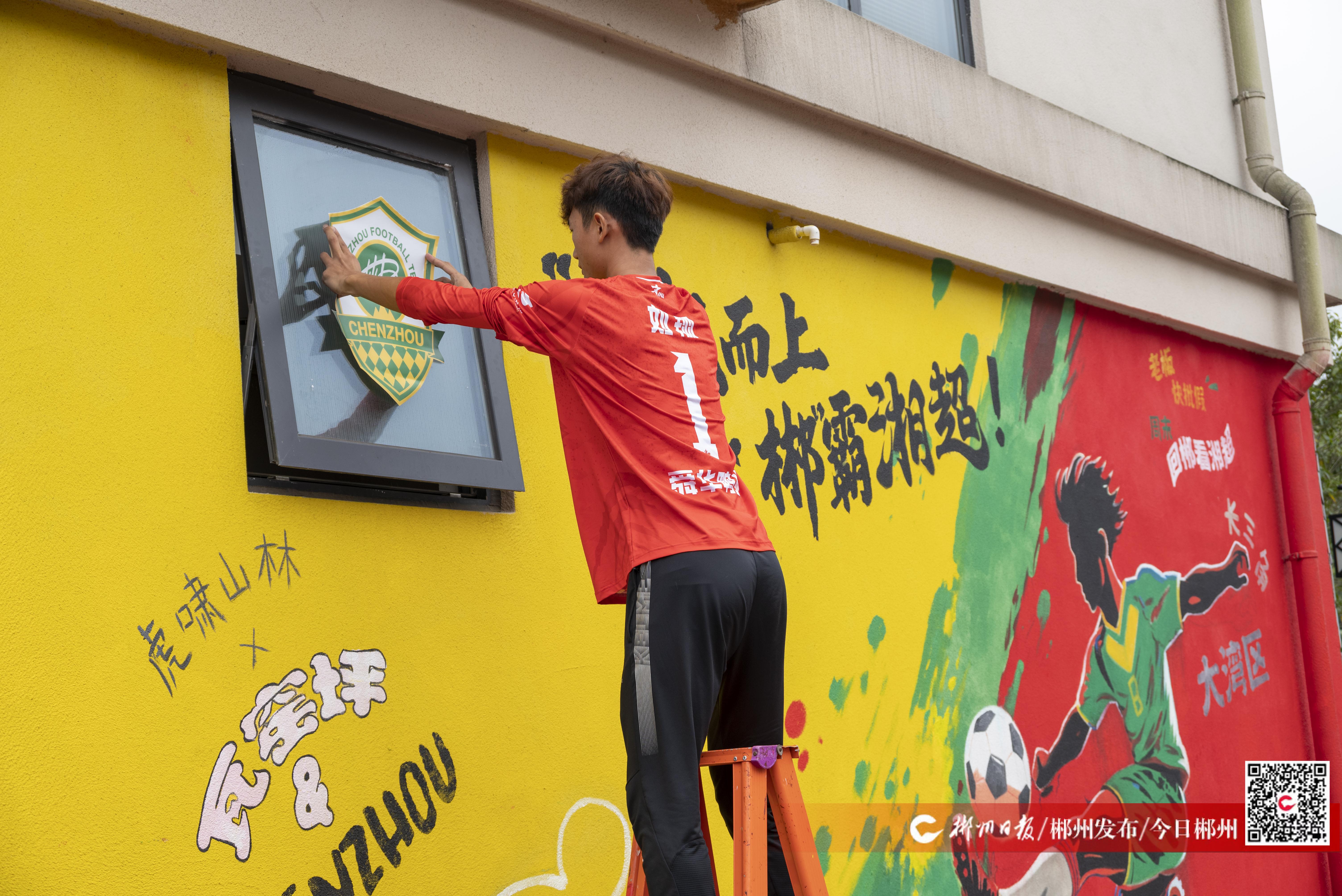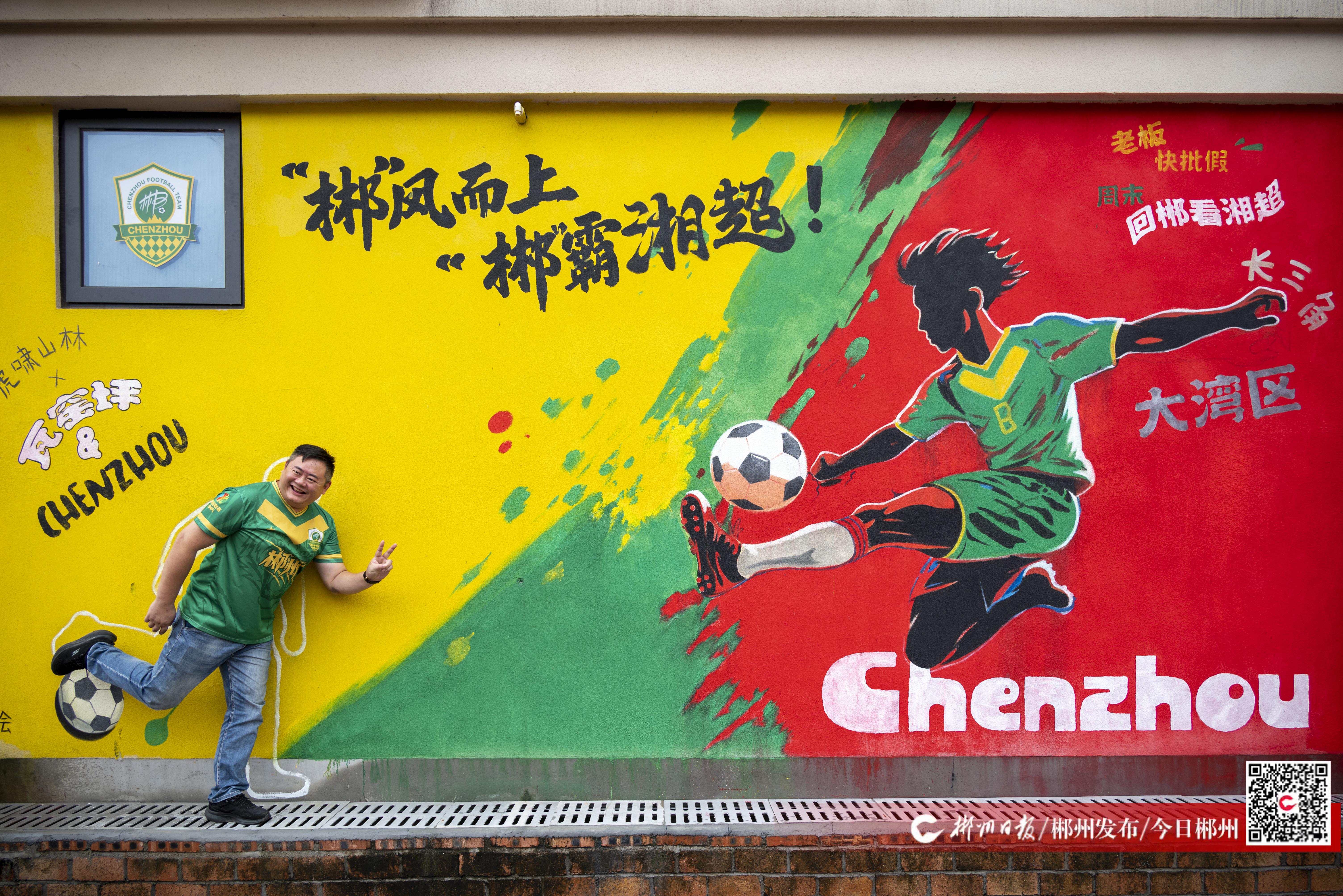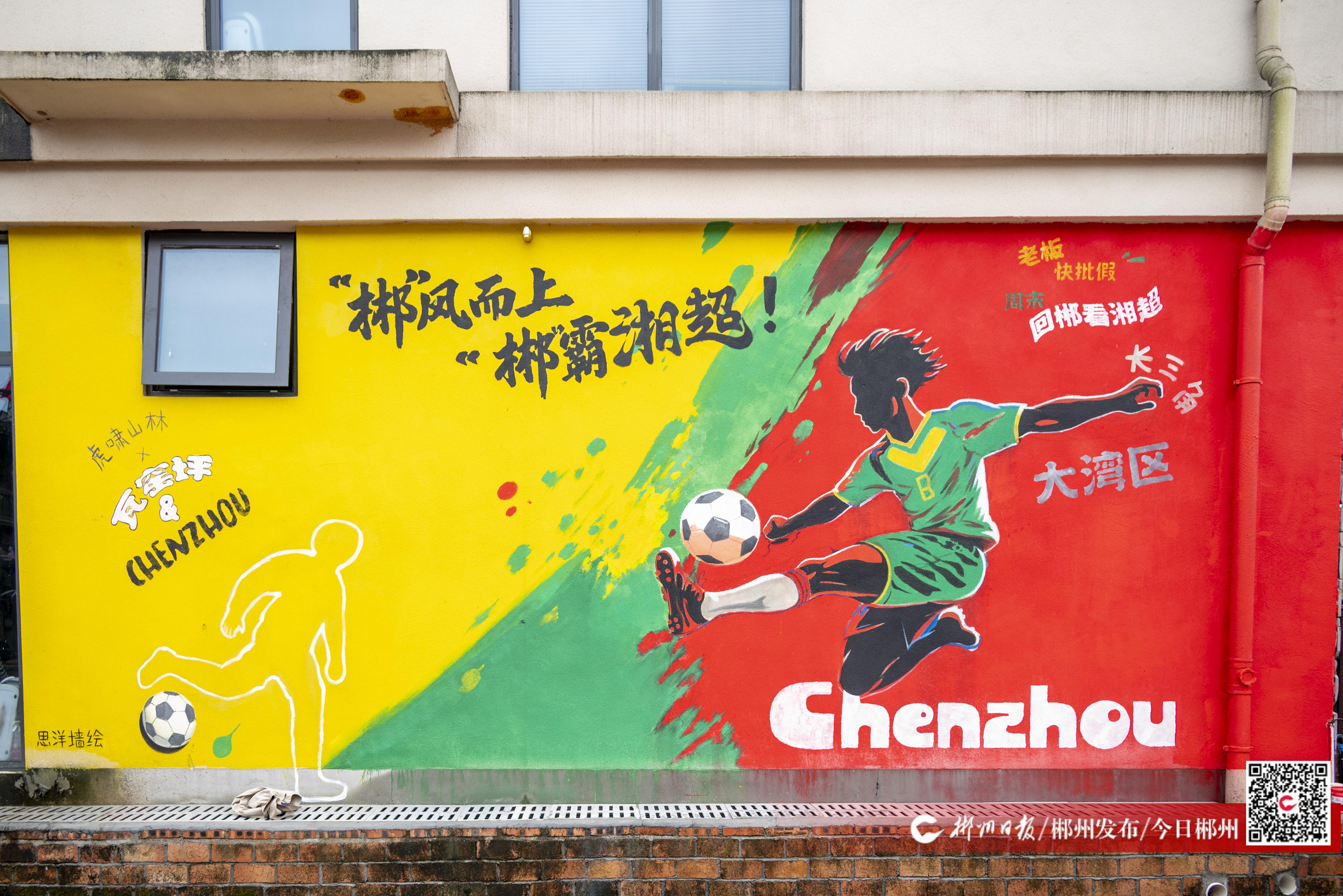 这幅题为《“郴”风而上,“郴”霸湘超!》的墙绘位于翠江畔,由本地“90后”墙绘师李思洋创作。画面以球员凌空抽射的剪影为主体,搭配鲜明的助威口号以及“老板快批假,回郴看湘超”等趣味标语,动感十足。整幅作品运用红、黄、绿等高对比色彩,结合泼墨式笔触,生动传递出绿茵场上的速度与激情,也与周边丹霞山水景观形成巧妙呼应。
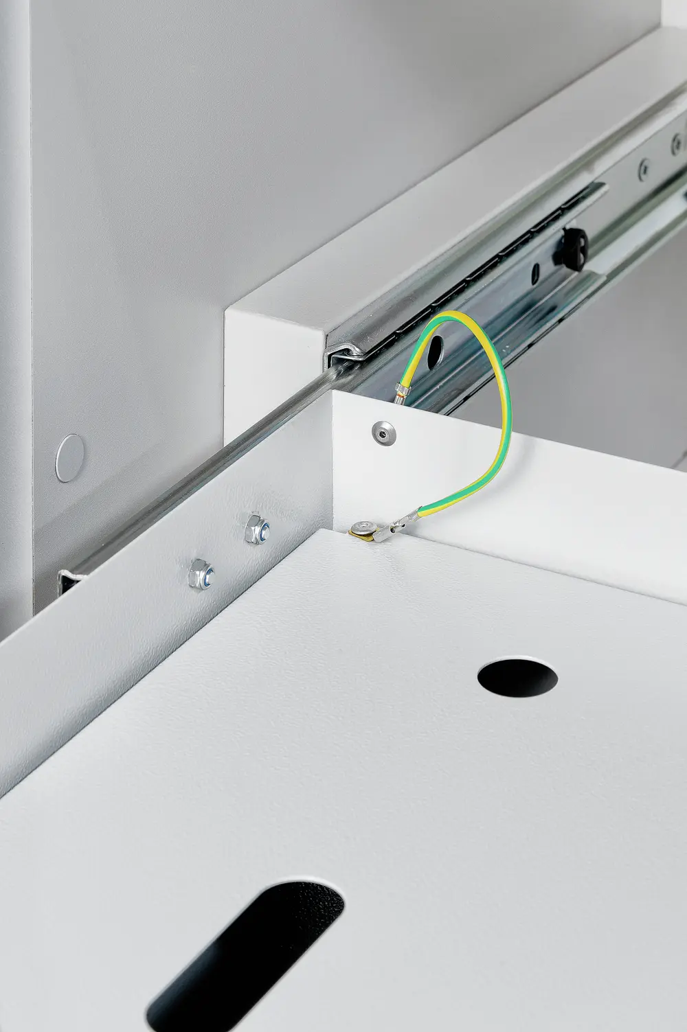 Serienmäßig Potenzialausgleichslaschen am Schrank helfen, Funkenbildung zu vermeiden.
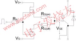 柵極驅(qū)動電路的驅(qū)動器輸出級是一種典型的設(shè)計(jì),采用了兩個按圖騰柱形式配置的MOSFET,如圖3所示。兩個MOSFET的柵極由相同的信號驅(qū)動。當(dāng) 信號為高電平時,N通道MOSFET導(dǎo)通,當(dāng)信號為低電平時,P通道MOSFET導(dǎo)通,從而產(chǎn)生了兩個器件推挽輸出的配置。MOSFET的輸出級可有一路 或兩路輸出。據(jù)此可實(shí)現(xiàn)具有一個或兩個柵極電阻(導(dǎo)通,關(guān)斷)的用于對稱或不對稱柵極控制的解決方案。
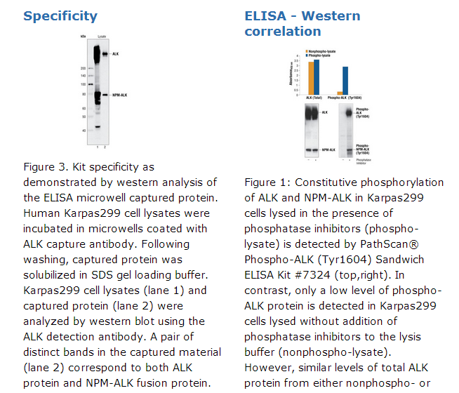 CST公司的PathScan®总ALK双抗夹心法化学发光检测试剂盒#7322主要用于检测内源性总ALK蛋白和融合蛋白NPM-ALK的表达。ALK和NPM-ALK融合蛋白在Karpas299细胞中被组成性地磷酸化,因此在该细胞系中能检测到磷酸化的ALK (Tyr1586)和磷酸化的NPM-ALK融合蛋白的高水平表达(图 1)。这种高水平的表达在向Karpas299细胞裂解液中加入磷酸酶抑制剂* 后(即不含磷酸化蛋白的细胞裂解液)中被消除。而用PathScan®总ALK双抗夹心法酶联免疫检测试剂盒#7322对总ALK (磷酸化和非磷酸化) 的检测结果没有改变(图 1)。用免疫印迹法检测微孔中被包被的抗ALK抗体捕获的蛋白,在对应ALK 蛋白和NPM-ALK 融合蛋白的位置上都显出两条带(图 3)。内部检测显示,本试剂盒能检测列举出的物种蛋白,但不排除用于其它物种同源蛋白检测的可能。*,磷酸酶抑制剂,包括焦磷酸钠、β-甘油磷酸二钠和Na3VO4。CST公司的PathScan®总ALK双抗夹心法酶联免疫检测试剂盒利用固相双抗夹心酶联免疫检测法(ELISA)对内源性的总ALK蛋白和融合蛋白NPM-ALK的表达进行检测。微孔中已经包被了抗ALK的兔源抗体,与细胞裂解液共孵育后,ALK和NPM-ALK融合蛋白(磷酸化的和未磷酸化的)能够被包被抗体捕获。多次洗板之后,加入另一种抗ALK的小鼠源抗体对ALK和NPM-ALK融合蛋白进行检测,然后加入HRP标记的抗小鼠的IgG#7076*对检测抗体进行识别,最后加入HRP的底物TMB检测信号。按照相对光单位,发射光强度与总ALK和NPM-ALK融合蛋白的量成正比。试剂盒中的抗体为试剂盒特异定制配方。间变性淋巴瘤激酶(ALK)是多效生长因子(PTN)的酪氨酸激酶受体,它是大脑胚胎发育过程中的生长因子(1-3)。 在表达ALK的细胞中,PTN诱导ALK及其下游效应因子IRS-1, Shc, PLCγ, 和PI3K激酶发生磷酸化(1)。ALK最初是从易位突变产生的NPM-ALK融合蛋白而被发现的(4)。NPM-ALK融合蛋白是一个组成性活化,有原癌基因活性的间变性淋巴瘤相关酪氨酸激酶(4)。 由NPM-ALK介导的PLCγ的活化可能对有丝分裂活性起到关键作用,并且可能对间变性淋巴瘤的发病过程很重要(5)。另一个完全不同的ALK原癌融合蛋白在非小细胞肺癌细胞株中被报道,该蛋白融合了ALK与EML4,其相应融合转录产物在一些肺腺癌中也有表达。在EML4-ALK融合蛋白中,微管相关蛋白EML4的短氨基末端区域和ALK的激酶活性区域融合在一起(6,7)。
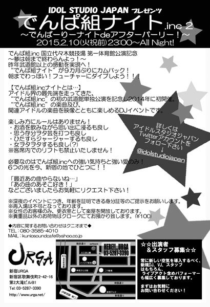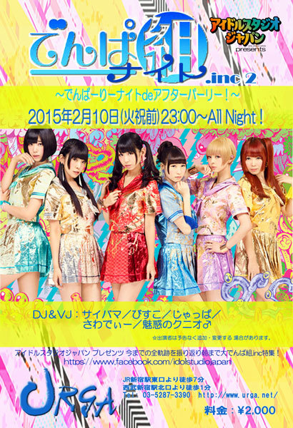 特別企画のお知らせです! 詳細は常時更新して参ります。 代々木体育館公演後の興奮をそのままに盛り上がれれば幸いです! “でんぱ組ナイト.inc 2” 〜でんぱーりーナイトdeアフターパーリー!〜 日時:2015年2月10日(火祝前)23:00〜All Night! 会場:新宿URGA 03-5287-3390 住所:新宿区歌舞伎町2-42-16第二大滝ビルB1 http://www.urga.net/ 料金:当日2000円 ※深夜のイベントにつき、年齢を証明できる身分証等のご提示をお願いします。 ※再入場は不可となっております。 ※女性のお客様のみ、更衣室として楽屋を

──────

- TO DO -
Give every line above again exactly, with no pictures.

- RESULT OF THIS EXERCISE -
 这幅题为《“郴”风而上,“郴”霸湘超!》的墙绘位于翠江畔,由本地“90后”墙绘师李思洋创作。画面以球员凌空抽射的剪影为主体,搭配鲜明的助威口号以及“老板快批假,回郴看湘超”等趣味标语,动感十足。整幅作品运用红、黄、绿等高对比色彩,结合泼墨式笔触,生动传递出绿茵场上的速度与激情,也与周边丹霞山水景观形成巧妙呼应。
 Serienmäßig Potenzialausgleichslaschen am Schrank helfen, Funkenbildung zu vermeiden.
 柵極驅(qū)動電路的驅(qū)動器輸出級是一種典型的設(shè)計(jì),采用了兩個按圖騰柱形式配置的MOSFET,如圖3所示。兩個MOSFET的柵極由相同的信號驅(qū)動。當(dāng) 信號為高電平時,N通道MOSFET導(dǎo)通,當(dāng)信號為低電平時,P通道MOSFET導(dǎo)通,從而產(chǎn)生了兩個器件推挽輸出的配置。MOSFET的輸出級可有一路 或兩路輸出。據(jù)此可實(shí)現(xiàn)具有一個或兩個柵極電阻(導(dǎo)通,關(guān)斷)的用于對稱或不對稱柵極控制的解決方案。
 CST公司的PathScan®总ALK双抗夹心法化学发光检测试剂盒#7322主要用于检测内源性总ALK蛋白和融合蛋白NPM-ALK的表达。ALK和NPM-ALK融合蛋白在Karpas299细胞中被组成性地磷酸化,因此在该细胞系中能检测到磷酸化的ALK (Tyr1586)和磷酸化的NPM-ALK融合蛋白的高水平表达(图 1)。这种高水平的表达在向Karpas299细胞裂解液中加入磷酸酶抑制剂* 后(即不含磷酸化蛋白的细胞裂解液)中被消除。而用PathScan®总ALK双抗夹心法酶联免疫检测试剂盒#7322对总ALK (磷酸化和非磷酸化) 的检测结果没有改变(图 1)。用免疫印迹法检测微孔中被包被的抗ALK抗体捕获的蛋白,在对应ALK 蛋白和NPM-ALK 融合蛋白的位置上都显出两条带(图 3)。内部检测显示,本试剂盒能检测列举出的物种蛋白,但不排除用于其它物种同源蛋白检测的可能。*,磷酸酶抑制剂,包括焦磷酸钠、β-甘油磷酸二钠和Na3VO4。CST公司的PathScan®总ALK双抗夹心法酶联免疫检测试剂盒利用固相双抗夹心酶联免疫检测法(ELISA)对内源性的总ALK蛋白和融合蛋白NPM-ALK的表达进行检测。微孔中已经包被了抗ALK的兔源抗体,与细胞裂解液共孵育后,ALK和NPM-ALK融合蛋白(磷酸化的和未磷酸化的)能够被包被抗体捕获。多次洗板之后,加入另一种抗ALK的小鼠源抗体对ALK和NPM-ALK融合蛋白进行检测,然后加入HRP标记的抗小鼠的IgG#7076*对检测抗体进行识别,最后加入HRP的底物TMB检测信号。按照相对光单位,发射光强度与总ALK和NPM-ALK融合蛋白的量成正比。试剂盒中的抗体为试剂盒特异定制配方。间变性淋巴瘤激酶(ALK)是多效生长因子(PTN)的酪氨酸激酶受体,它是大脑胚胎发育过程中的生长因子(1-3)。 在表达ALK的细胞中,PTN诱导ALK及其下游效应因子IRS-1, Shc, PLCγ, 和PI3K激酶发生磷酸化(1)。ALK最初是从易位突变产生的NPM-ALK融合蛋白而被发现的(4)。NPM-ALK融合蛋白是一个组成性活化,有原癌基因活性的间变性淋巴瘤相关酪氨酸激酶(4)。 由NPM-ALK介导的PLCγ的活化可能对有丝分裂活性起到关键作用,并且可能对间变性淋巴瘤的发病过程很重要(5)。另一个完全不同的ALK原癌融合蛋白在非小细胞肺癌细胞株中被报道,该蛋白融合了ALK与EML4,其相应融合转录产物在一些肺腺癌中也有表达。在EML4-ALK融合蛋白中,微管相关蛋白EML4的短氨基末端区域和ALK的激酶活性区域融合在一起(6,7)。
 特別企画のお知らせです! 詳細は常時更新して参ります。 代々木体育館公演後の興奮をそのままに盛り上がれれば幸いです! “でんぱ組ナイト.inc 2” 〜でんぱーりーナイトdeアフターパーリー!〜 日時:2015年2月10日(火祝前)23:00〜All Night! 会場:新宿URGA 03-5287-3390 住所:新宿区歌舞伎町2-42-16第二大滝ビルB1 http://www.urga.net/ 料金:当日2000円 ※深夜のイベントにつき、年齢を証明できる身分証等のご提示をお願いします。 ※再入場は不可となっております。 ※女性のお客様のみ、更衣室として楽屋を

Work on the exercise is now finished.